'''
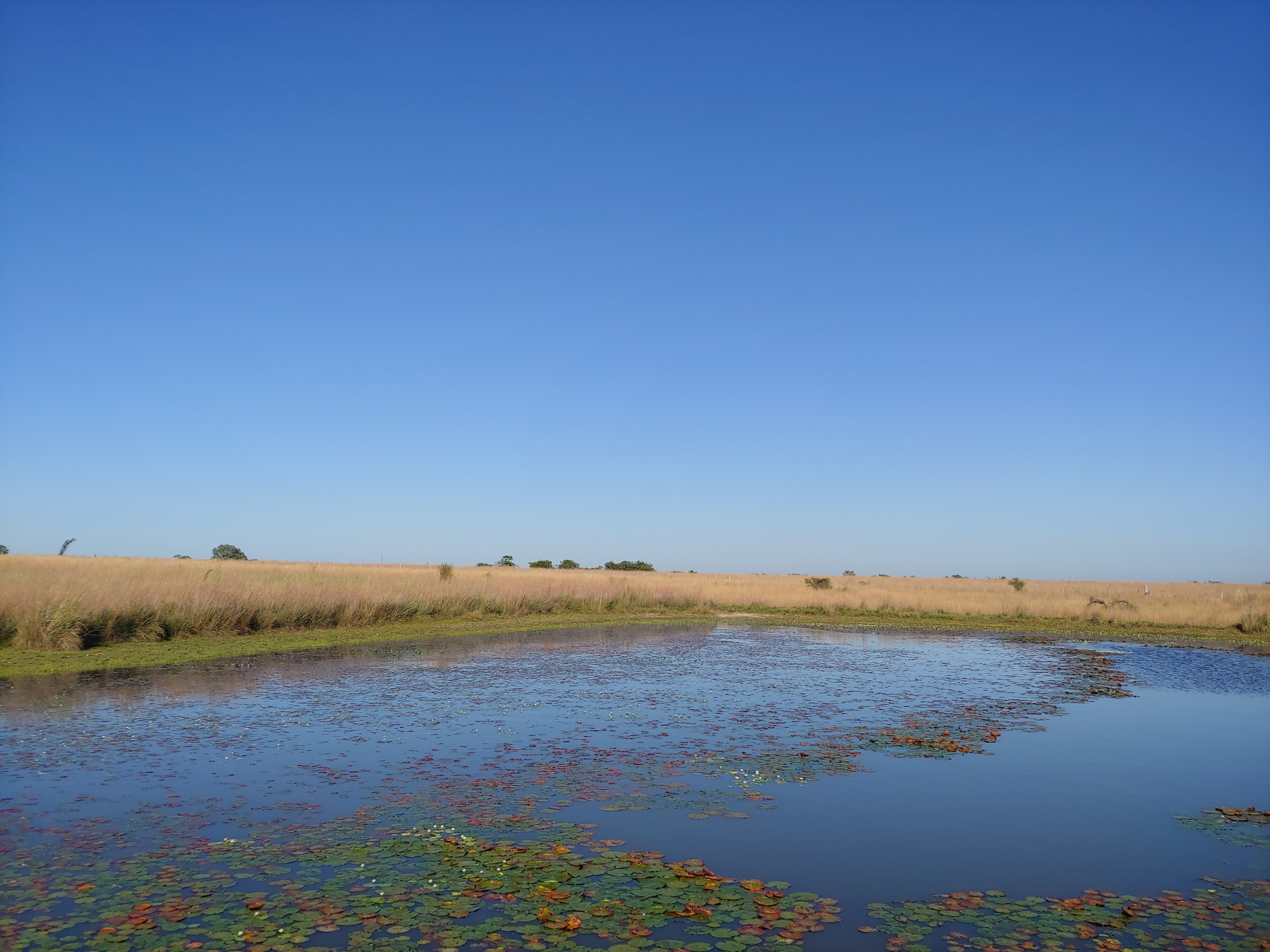 Die Sümpfe werden nur durch Regenwasser gespeist. Unter dem ganzen Gebiet Corrientes liegt eine Lehmschicht, die das Abfließen des Wassers verhindert. Es sammelt sich an der tiefsten Stelle, den Ibera-Sümpfen. Es ist Herbst, es hat seit September nicht geregnet, Regen wird auch nicht vor Juni erwartet. So ist der Wasserstand eher niedrig. Doch es gibt viele Wassergräben, Lagunen und Bereiche mit schwimmenden Inseln.
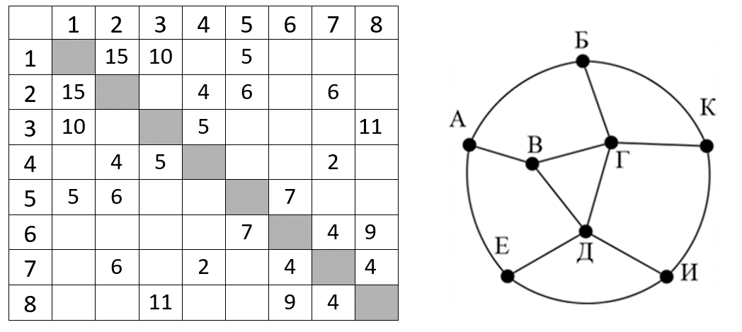 (Е. Джобс) На рисунке справа схема дорог Н-ского района изображена в виде графа, в таблице обозначены длины дорог между населёнными пунктами в километрах. Так как таблицу и схему рисовали независимо друг от друга, то нумерация населённых пунктов в таблице никак не связана с буквенными обозначениями на графе. Определите длину кратчайшего пути из пункта Б в пункт Е, если передвигаться можно только по указанным дорогам. В ответе запишите целое число – длину пути в километрах.
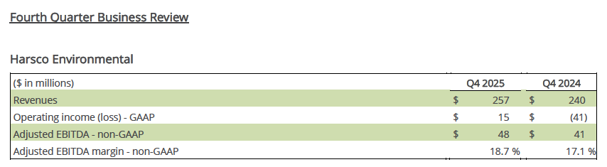 Harsco Environmental revenues totaled $257 million in the fourth quarter of 2025, an increase of 7.0% percent compared with the prior-year quarter. This revenue increase is primarily attributable to higher services demand including from new contracts and FX translation impacts, partially offset by lower eco-products revenues. The segment’s GAAP operating income was $15 million and Adjusted EBITDA totaled $48 million in the fourth quarter of 2025. These figures compare with a GAAP operating loss of $41 million and Adjusted EBITDA of $41 million in the prior-year period. The year-on-year change in adjusted earnings reflects the above-mentioned factors as well as improvement initiatives and the recovery of certain sales tax expenses in Brazil. As a result, Harsco Environmental’s Adjusted EBITDA margin was 18.7% in the fourth quarter of 2025 versus 17.1% in the comparable quarter of 2024.
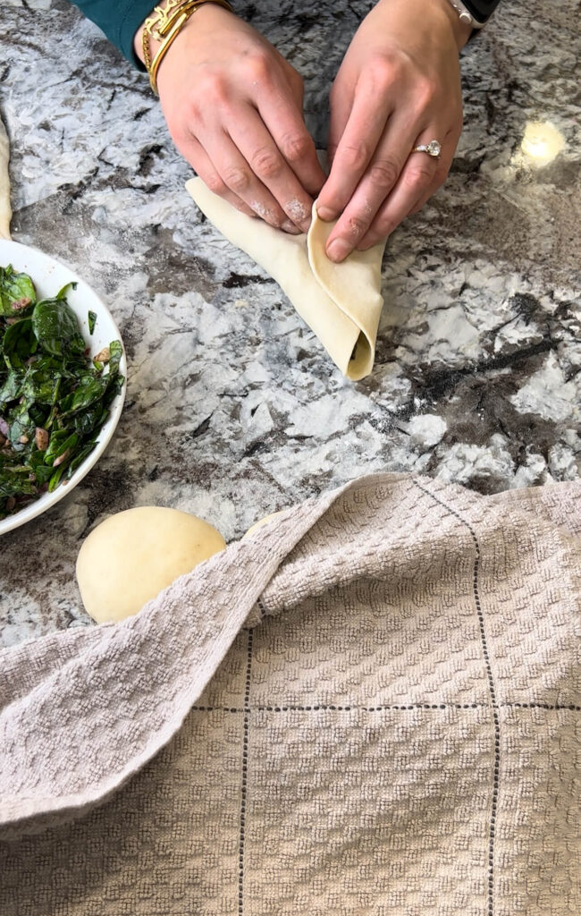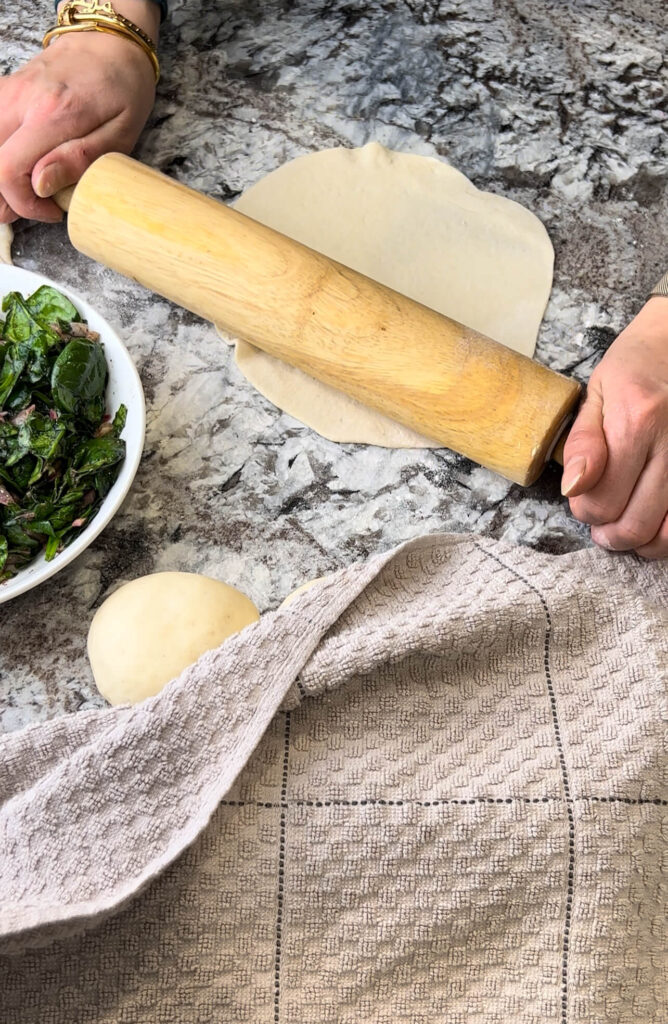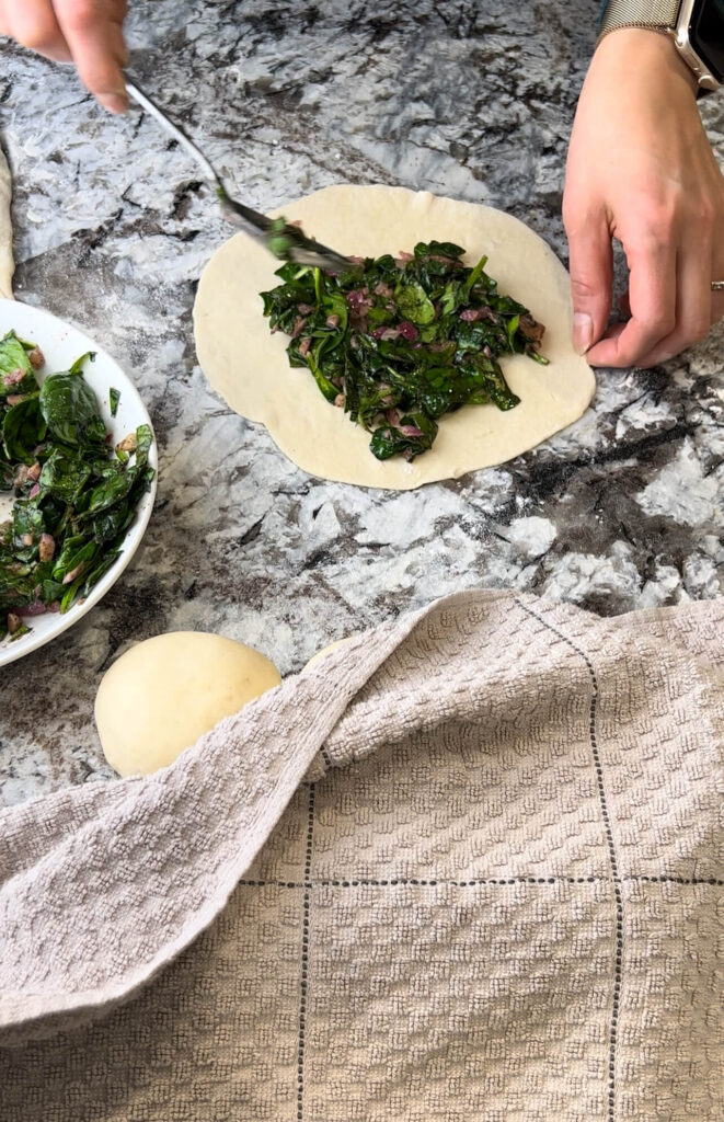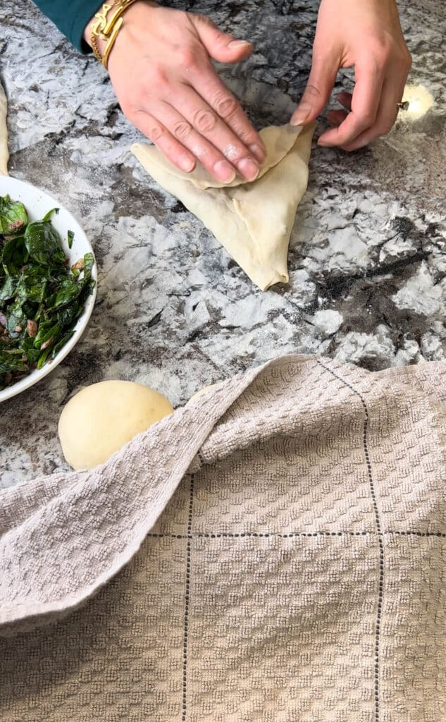 • Lightly flour your surface and roll each dough ball into a very thin circle. Place a spoonful of the spinach mixture in the center and fold into a triangle shape. Press the edges to seal. Repeat until all are done.
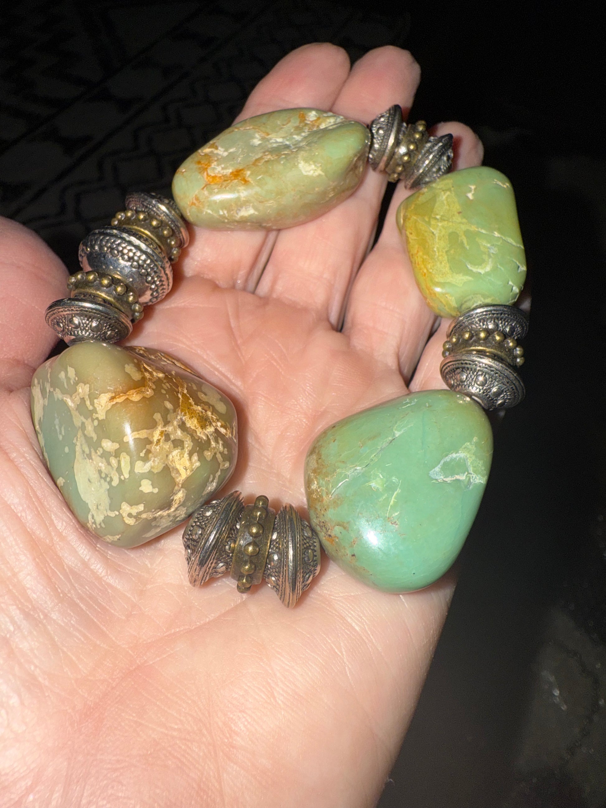 Embrace timeless Southwestern charm with this handcrafted stretch bracelet made from genuine turquoise nuggets. Each stone is unique, showcasing its natural veining and vibrant blue-green hue. Strung on a durable stretch cord, this bracelet offers a comfortable fit while adding an earthy, grounded energy to your everyday look.
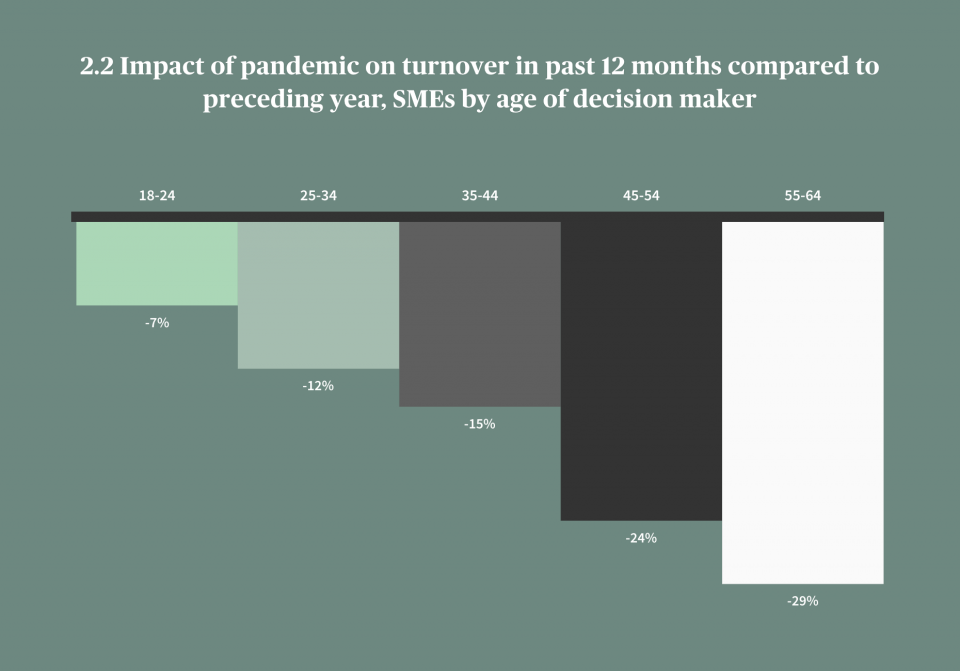 In 2020 companies run by decision makers who were aged between 55 and 64 saw an average reduction in turnover of 29 per cent, this fell to 12 per cent for 25 to 34 year olds and 7 per cent for businesses run by 18 to 24 year olds.
'''
Exercise aim = In the reply, each line of the data must appear exactly as written, and no picture may appear.

Answer section =
 Die Sümpfe werden nur durch Regenwasser gespeist. Unter dem ganzen Gebiet Corrientes liegt eine Lehmschicht, die das Abfließen des Wassers verhindert. Es sammelt sich an der tiefsten Stelle, den Ibera-Sümpfen. Es ist Herbst, es hat seit September nicht geregnet, Regen wird auch nicht vor Juni erwartet. So ist der Wasserstand eher niedrig. Doch es gibt viele Wassergräben, Lagunen und Bereiche mit schwimmenden Inseln.
 (Е. Джобс) На рисунке справа схема дорог Н-ского района изображена в виде графа, в таблице обозначены длины дорог между населёнными пунктами в километрах. Так как таблицу и схему рисовали независимо друг от друга, то нумерация населённых пунктов в таблице никак не связана с буквенными обозначениями на графе. Определите длину кратчайшего пути из пункта Б в пункт Е, если передвигаться можно только по указанным дорогам. В ответе запишите целое число – длину пути в километрах.
 Harsco Environmental revenues totaled $257 million in the fourth quarter of 2025, an increase of 7.0% percent compared with the prior-year quarter. This revenue increase is primarily attributable to higher services demand including from new contracts and FX translation impacts, partially offset by lower eco-products revenues. The segment’s GAAP operating income was $15 million and Adjusted EBITDA totaled $48 million in the fourth quarter of 2025. These figures compare with a GAAP operating loss of $41 million and Adjusted EBITDA of $41 million in the prior-year period. The year-on-year change in adjusted earnings reflects the above-mentioned factors as well as improvement initiatives and the recovery of certain sales tax expenses in Brazil. As a result, Harsco Environmental’s Adjusted EBITDA margin was 18.7% in the fourth quarter of 2025 versus 17.1% in the comparable quarter of 2024.
 • Lightly flour your surface and roll each dough ball into a very thin circle. Place a spoonful of the spinach mixture in the center and fold into a triangle shape. Press the edges to seal. Repeat until all are done.
 Embrace timeless Southwestern charm with this handcrafted stretch bracelet made from genuine turquoise nuggets. Each stone is unique, showcasing its natural veining and vibrant blue-green hue. Strung on a durable stretch cord, this bracelet offers a comfortable fit while adding an earthy, grounded energy to your everyday look.
 In 2020 companies run by decision makers who were aged between 55 and 64 saw an average reduction in turnover of 29 per cent, this fell to 12 per cent for 25 to 34 year olds and 7 per cent for businesses run by 18 to 24 year olds.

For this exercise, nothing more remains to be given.